De pensioenpremie voor ambtenaren gaat per 1 januari minder omlaag dan minister Plasterk hoopte. In de zomer is het loonruimteakkoord afgesloten voor ambtenaren. Dit akkoord stoelt deels op een verlaging van de pensioenpremie. Als het rijk de beloofde loonstijging van 5,05 wil nakomen moet het deze tegenvaller betalen. Voor onderwijzers is het nog altijd onzeker of schoolbesturen willen opdraaien voor de tegenvaller. Dat meldt de Volkskrant.
De FNV was de enige vakbond die het loonakkoord niet ondertekende en noemde de 5 procent loonsverhoging een sigaar uit eigen doos. De loonsverhoging en eenmalige uitkering van 500 euro zouden de werknemers ongeveer voor de helft zelf betalen, door in te stemmen met een verlaging van de pensioenpremie. De financiële tegenvaller die nu dreigt kost Plasterk naar schatting 50 miljoen euro en loopt volgend jaar verder op.

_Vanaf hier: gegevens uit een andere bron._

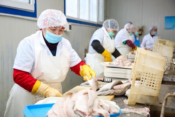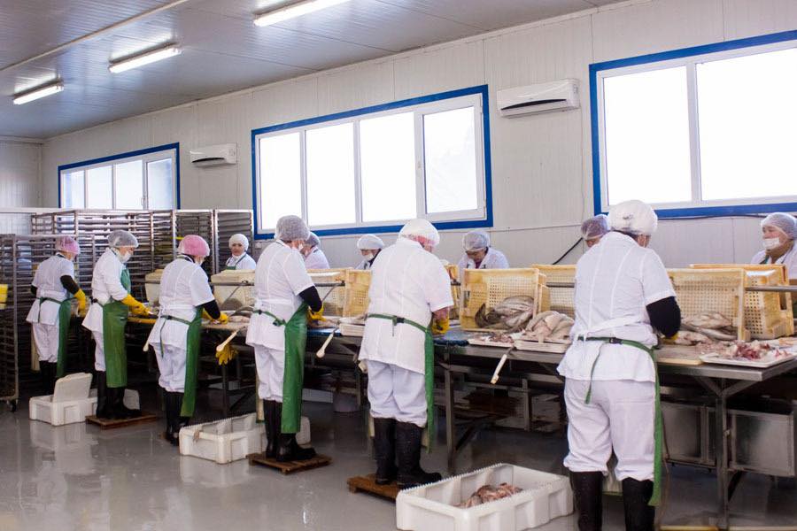 Балық өңдеу цехында 50 қызметкер жұмыс жасайды.
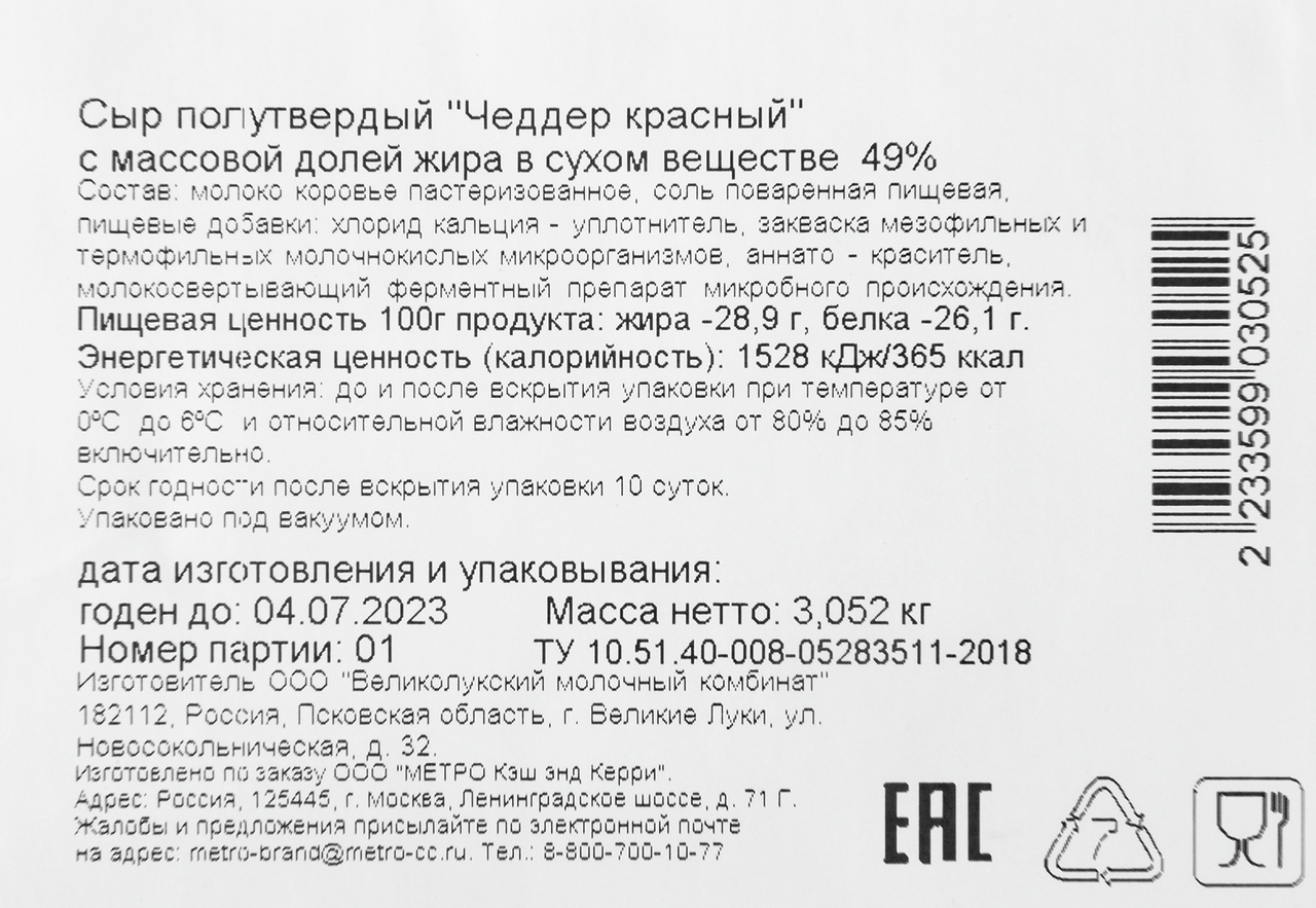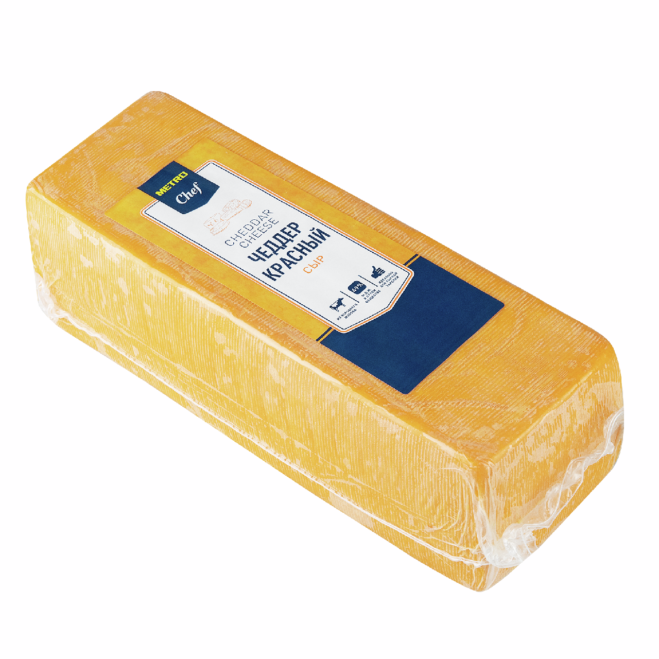 Сыр Metro Chef Чеддар 50%, красный, бзмж, изготовлен из коровьего молока без добавок и ГМО. Продукт характеризуется острым вкусом с резковатой кислинкой, гладкой и плотной текстурой, сливочным цветом с желтоватым оттенком. В состав полутвердого сорта сыра входят пастеризованное молоко, соль, бактериальная закваска молочнокислых микроорганизмов, безопасные красители. Польза чеддера обусловлена богатым составом минералов и витаминов группы В. Регулярное употребление сыра нормализует обмен веществ в организме. Продукт используется в кулинарии в качестве закуски, в сочетании с алкоголем, некоторыми блюдами: омлетами, бисквитами, мясной нарезкой. Чеддер хорошо дополняет вкус мяса, рыбы и овощей, входит в состав некоторых соусов. Его используют как основной ингредиент для гренок, канапе. Сырная нарезка поставляется в пластиковом контейнере, удобном для переноски и хранения, чтобы исключить его высыхание.

Pensioenfonds ABP houdt er nu al rekening mee dat per 1 april de premie weer omhoog moet omdat het fonds er niet goed voorstaat. Uit laatste gegevens die in handen zijn van de Volkskrant zou de premie per 1 april met 0,9 procent stijgen. Er zouden ook berekeningen zijn die uitgaan van een premiestijging van 2 tot 3 procent. Tweederde van die stijging is voor de werkgever, eenderde betaalt de werknemer. De ABP zegt in te hebben gestemd met de premieverlaging omdat het bestuur van het fonds niet de instantie wil zijn 'die het fundament onder het loonakkoord wegtrekt'. Hiermee zouden de problemen alleen maar doorgeschoven worden naar volgend jaar.
Minister Plasterk heeft laten weten dat het loonakkoord wat hem betreft nog altijd recht overeind staat. CNV Overheid zegt ervan uit te gaan dat dit betekent dat het kabinet de financiële tegenvaller voor rekening neemt. Echter, in het onderwijs vrezen werkgevers en vakbonden dat zij zelf opdraaien voor de tegenvallers rond de pensioenen. Volgens de vakbonden lopen de onderhandelingen over nieuwe cao's uiterst moeizaam door de onzekerheid rond het loonakkoord.